If children like to sit on a big toilet but their legs are dangling unsupported, try to find a stool for their feet to rest on. When the legs dangle the rectal muscles tighten and it's harder to poo.
Once your child is familiar with the potty you can empty the contents of a pooey nappy into the potty. Take as long as you need to admire it together! Explain that this is where the poo needs to go and then when you're ready it can go in the toilet and your little one can flush it away and say 'bye bye poo'!
Aim for potty use at specific times of the day such as on waking up in the morning and after naps or before a bath. You could do this together, with you on the toilet and the child on the potty!
Expect accidents and view them as learning experiences! Punishing or sounding disappointed can be very counter-productive as they will discourage the child from working with you.

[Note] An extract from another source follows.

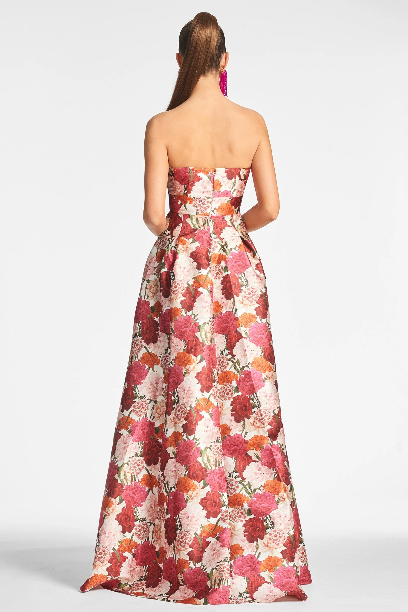 The Giovanna in our Molti Fiore, reimagines the classic ball gown silhouette. With a delicate sweetheart neckline, banded waist, and box pleats, this strapless formal dress exudes romance and elegance. Perfect for your next special occasion.

If you notice your child just starting to poo you can bring a potty over and sit them on - sometimes moving the child to the bathroom can interrupt the process.
Keep a small 'potty basket' next to the potty containing a few favourite look books and some fiddle toys (for those who like to take their time over a poo).
Croc-style shoes are handy when potty training.
A sports water bottle (with a squirty top) is handy for rinsing a potty, either at home or when travelling.
When practising elimination communication carry a small plastic container (eg: an old butter tub) holding a flannel and a jar with a screwable lid. The baby can pee in the container, the flannel absorbs spillages and the wee can be poured into the jar if necessary. (such as on bus journeys).